Abraham, like so many of us, is interested in the justice of God. God has revealed to Abraham that he is going to destroy Sodom (cf. vv. 17-19). But Abraham wants to know if righteousness counts more with God than does unrighteousness. If God finds fifty righteous in Sodom, will he spare the whole city on their account? Surely, the Judge of all the earth would not destroy them (v. 25)! Abraham has his own conception of what God should be like, and God patiently puts up with Abraham's questioning -- perhaps with a smile on the divine face.
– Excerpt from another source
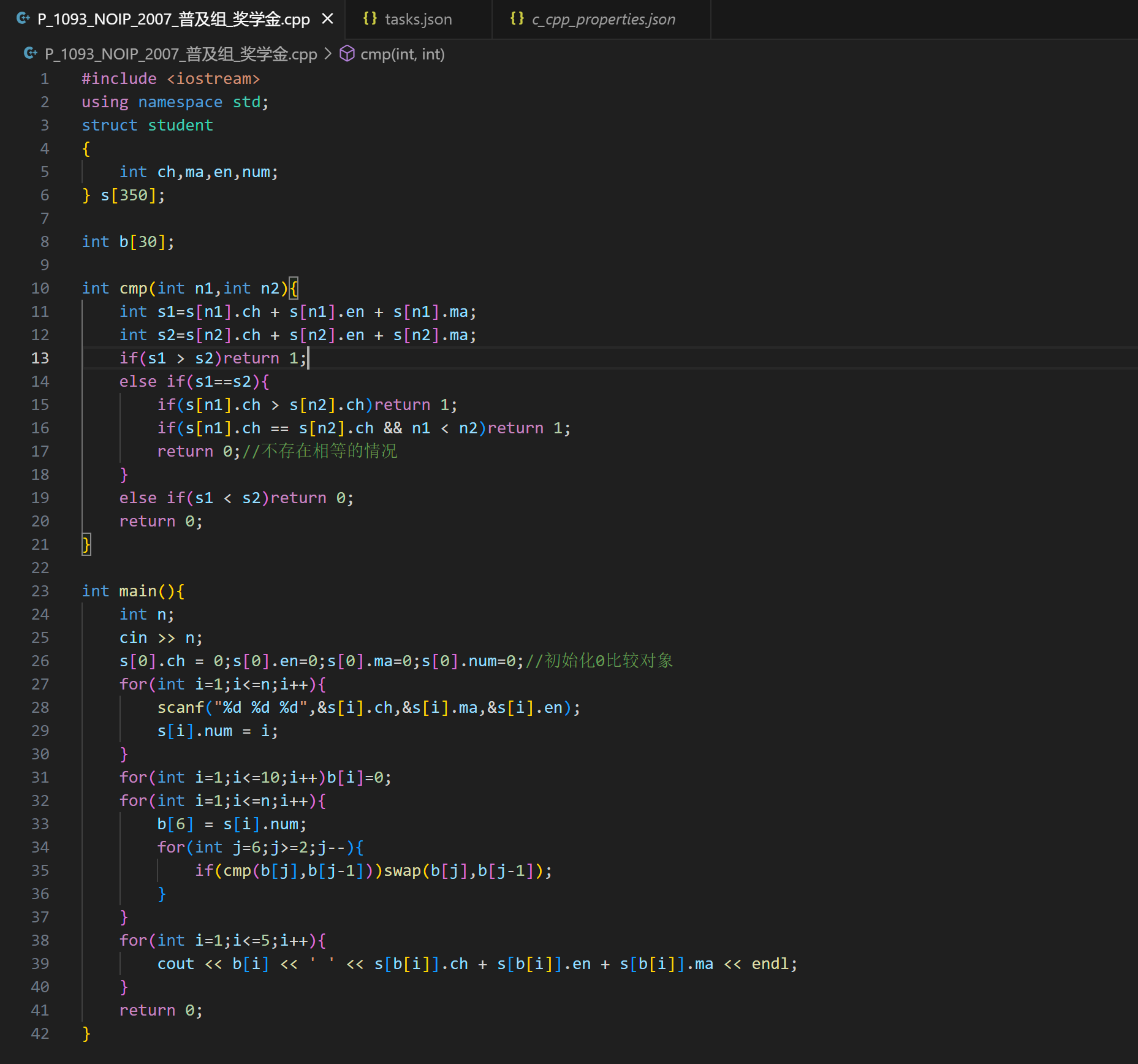 模板题,懒得自己写排序算法就用了std的sort函数,过(`ε´ )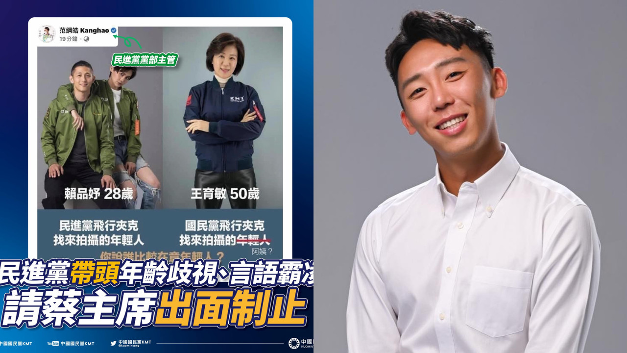 國民黨青年部推出飛行外套,遭到民進黨網路社群中心主任范綱皓諷刺模特兒找「已經50歲的王育敏」,因涉及年齡歧視引起撻伐。對此,民眾黨2日抨擊,民進黨拍照找年輕人,就代表在乎年輕人?

Abraham does have some awareness of his own boldness. "Behold, I have taken upon myself to speak to the Lord, I who am but dust and ashes," he says (v. 27). Such humility is fitting for a conversation with God. But that does not deter Abraham's boldness. If God finds forty-five, or forty, or thirty, or twenty, or just ten righteous persons in Sodom, will God spare the city for their sake? How much does righteousness weigh on the scales of God's justice?
But it is not justice that the Lord talks about in this passage. It is mercy. And for the sake of ten righteous persons in Sodom -- or for the sake of one righteous man named Jesus Christ -- God will not come to destroy us. Christ's righteousness on the cross and his victory at the resurrection atone for all our sins, and God counts us justified through faith in our Lord. An incredibly merciful, patient, loving God wills for us life instead of death.
If we should want a just measurement in the scales of God of all that we have done, not one of us would deserve life, because each one of us has sinned. And "the wages of sin is death, but the free gift" -- totally undeserved, totally a gift of grace -- "is eternal life in Jesus Christ our Lord" (Romans 6:23).